Proto-orthodox Christianity, which is rooted in the first centuries of the history of Christianity, relies heavily on Pauline theology and beliefs, and considers them to be amplifications and explanations of the teachings of Jesus. Since the 18th century, a number of scholars have proposed that Paul's writings contain teachings that are different from the original teachings of Jesus and those of the earliest Jewish Christians, as documented in the canonical gospels, early Acts, and the rest of the New Testament, such as the Epistle of James.

Definition and etymology

Definition
Pauline Christianity or Pauline theology, also called "Paulism" or "Paulanity", is the theology and  Christianity which developed from the beliefs and doctrines espoused by Paul the Apostle through his writings. Paul's beliefs were strongly rooted in the earliest Jewish Christianity, but deviated from this Jewish Christianity in their emphasis on inclusion of the Gentiles into God's New Covenant, and his rejection of circumcision as an unnecessary token of upholding the Law.

Etymology
According to Hans Lietzmann, the term "Pauline Christianity" first came into use in the 20th century among scholars who proposed different strands of thought within Early Christianity, wherein Paul was a powerful influence.

Marxist writer Antonio Gramsci (1891–1937), who stressed the similarities between Primitive Christianity and Marxism, used the phrase 'Christo-Paulinism' not only to indicate Paul's greater importance, but also to distinguish between theological and ideological beliefs and the organization of the institutional Church.
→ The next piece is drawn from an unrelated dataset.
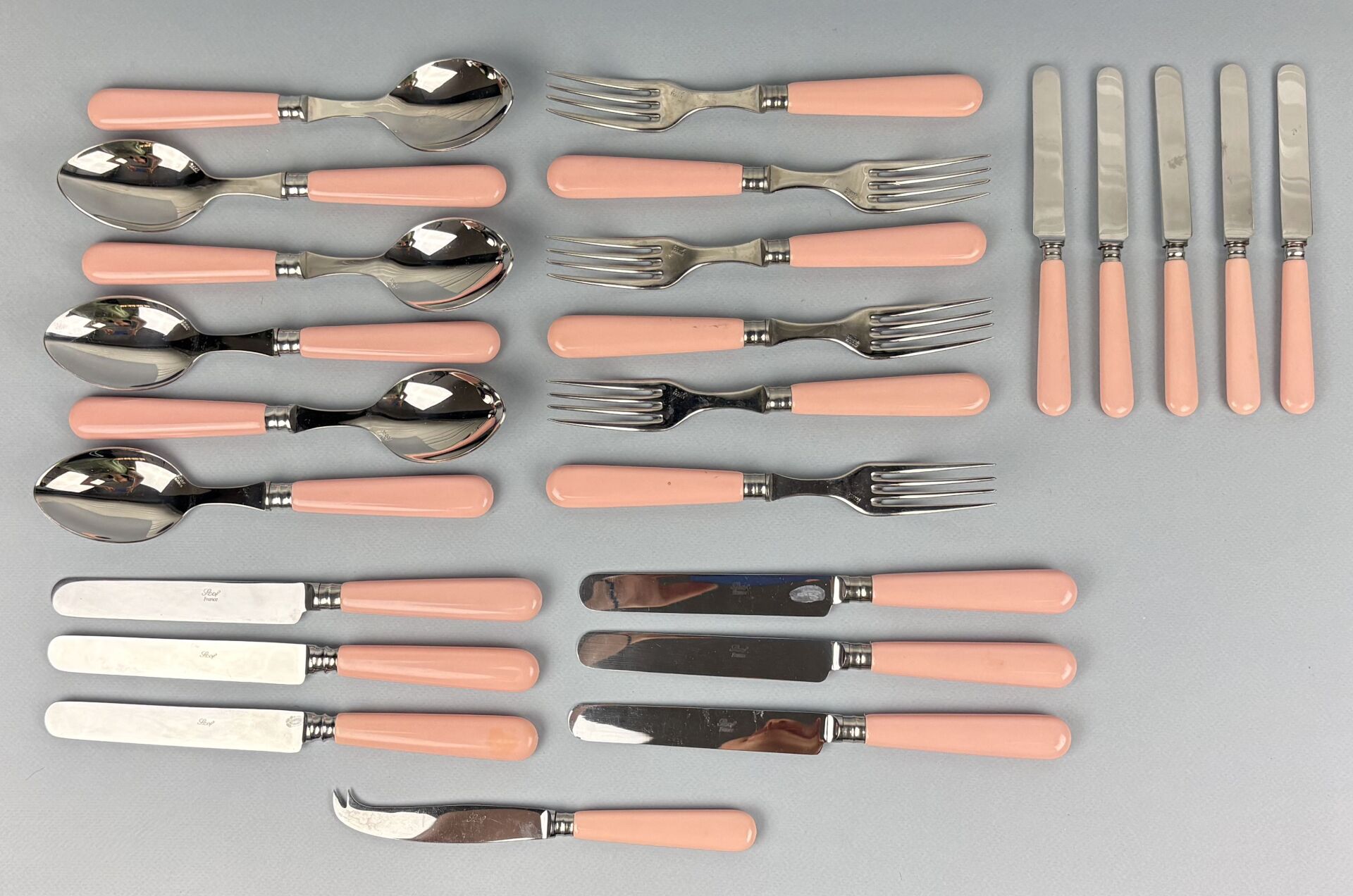 336 ESTIMATION: 20 / 30 € SCOF Partie de ménagère en inox et résine rose comprenant : – 6 Couverts de table – 6 Couteaux de table – 5 Couteaux à fruits – 1 Couteau à fromage

The expression is also used by modern Christian scholars, such as John Ziesler and Christopher Mount, whose interest is in the recovery of Christian origins, and the importance of Paul for paleo-orthodoxy, Christian reconstructionism and restorationism.

Paul and the inclusion of Gentiles

The first Christians were Jews. According to Paul and the author of the Acts of the Apostles, he initially persecuted those early Christians, but then converted, and, years later, was called to proselytise among Gentiles.

Inclusion of Gentiles
An early creed about Jesus' death and resurrection which Paul probably used was 1 Corinthians 15, verses 3–5 (plus possible additional verses). Probably originating from the Jerusalem apostolic community, the antiquity of the creed has been noted by many biblical scholars:

There has been widespread acknowledgement of the view of W. D. Davies that the essential Jewishness of Paul's Christian perspective has been underplayed. In Davies' view, Paul replaced the Torah, the Jewish law or Law of Moses, with Christ..
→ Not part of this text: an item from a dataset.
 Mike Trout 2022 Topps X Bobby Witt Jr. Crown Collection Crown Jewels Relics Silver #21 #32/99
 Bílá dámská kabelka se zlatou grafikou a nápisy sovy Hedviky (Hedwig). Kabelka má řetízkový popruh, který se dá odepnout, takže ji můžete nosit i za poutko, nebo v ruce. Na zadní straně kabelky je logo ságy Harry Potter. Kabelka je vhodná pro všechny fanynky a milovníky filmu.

In the view of Daniel Boyarin, Paula Fredriksen and other notable NT scholars cited by them, writing with lived experience of the Jewish context, Paul did not replace Torah or Halakha with Christ for Jewish believers, but simply taught gentiles that observing the noachide covenant as righteous among the nations was sufficient (along with faith in Christ), to merit a share in the world to come.  This was a view shared by the Pharisees and taught in the Talmud and Maimonides (with the except of the element of faith in Christ), but denied by (mostly gentile born) Judaizers who taught conversion to Judaism as a requisite for salvation.  For example, his epistle to the Romans 13 teaches the obligations of a righteous gentile under the Noachide covenant, with Romans 14-15 expansive commentary on dietary ethics.

According to Christopher Rowland, "the problems with which he wrestles in his letters were probably typical of many which were facing the Christian sect during this period".
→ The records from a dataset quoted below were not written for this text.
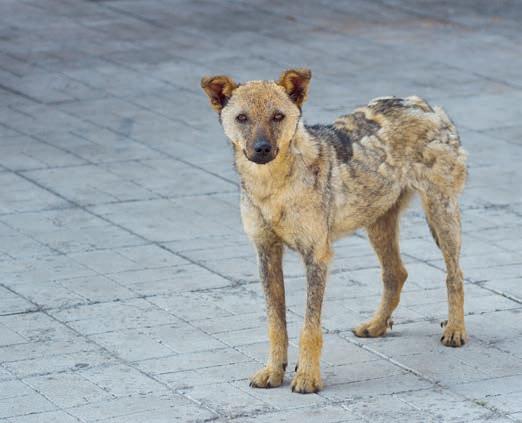 Gatuhund drabbad av ringorm. Symtomen syns som hårlösa fläckar på kroppen.
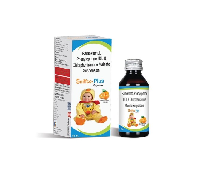 Composition : Pcm 250 Mg + Phenylephrine 5 Mg +cpm 2 Mg Syp Packing : 30*1 Type : Mono Pack 60 ml Detail:-Sniffco Plus by Indizen Pharma – Pediatric syrup for effective relief from cough, cold, and nasal congestion. Safe, fast-acting, and suitable for children.
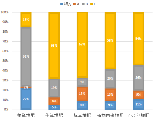他方、鶏糞堆肥はCはわずか15%で、特Aは22%、Aは2%、Cが61%となっています。鶏糞堆肥の場合は、養鶏場に乾燥機能を備えた堆肥化装置を設置されているところが多く、含水率が35%以下になっているところが多いので、C評価が少ないのではないかと考えられます。

According to Krister Stendahl, the main concern of Paul's writings on Jesus' role, and salvation by faith, is the problem of the inclusion of gentile (Greek) Torah observers into God's covenant. The inclusion of Gentiles into early Christianity posed a problem for the Jewish identity of the early Christians. Many of the Jewish Christians were fully faithful religious Jews, only differing in their acceptance of Jesus as the Messiah. Observance of the Jewish commands, including circumcision, was regarded as a token of the membership of this covenant, and the early Jewish Christians insisted on keeping those observances. The new converts did not follow all "Jewish Law" and refused to be circumcised, as circumcision was considered repulsive during the period of Hellenization of the Eastern Mediterranean.

Paul objected strongly to the insistence on keeping all of the Jewish commandments, considering it a great threat to his doctrine of salvation through faith in Jesus. For Paul, Jesus' death and resurrection solved this problem of the exclusion of the gentiles from God's covenant. 'Dying for our sins' refers to the problem of gentile Torah-observers, who, despite their faithfulness, cannot fully observe commandments, including circumcision, and are therefore 'sinners', excluded from God's covenant. Jesus' death and resurrection solved this problem of the exclusion of the gentiles from God's covenant, as indicated by Rom 3:21-26.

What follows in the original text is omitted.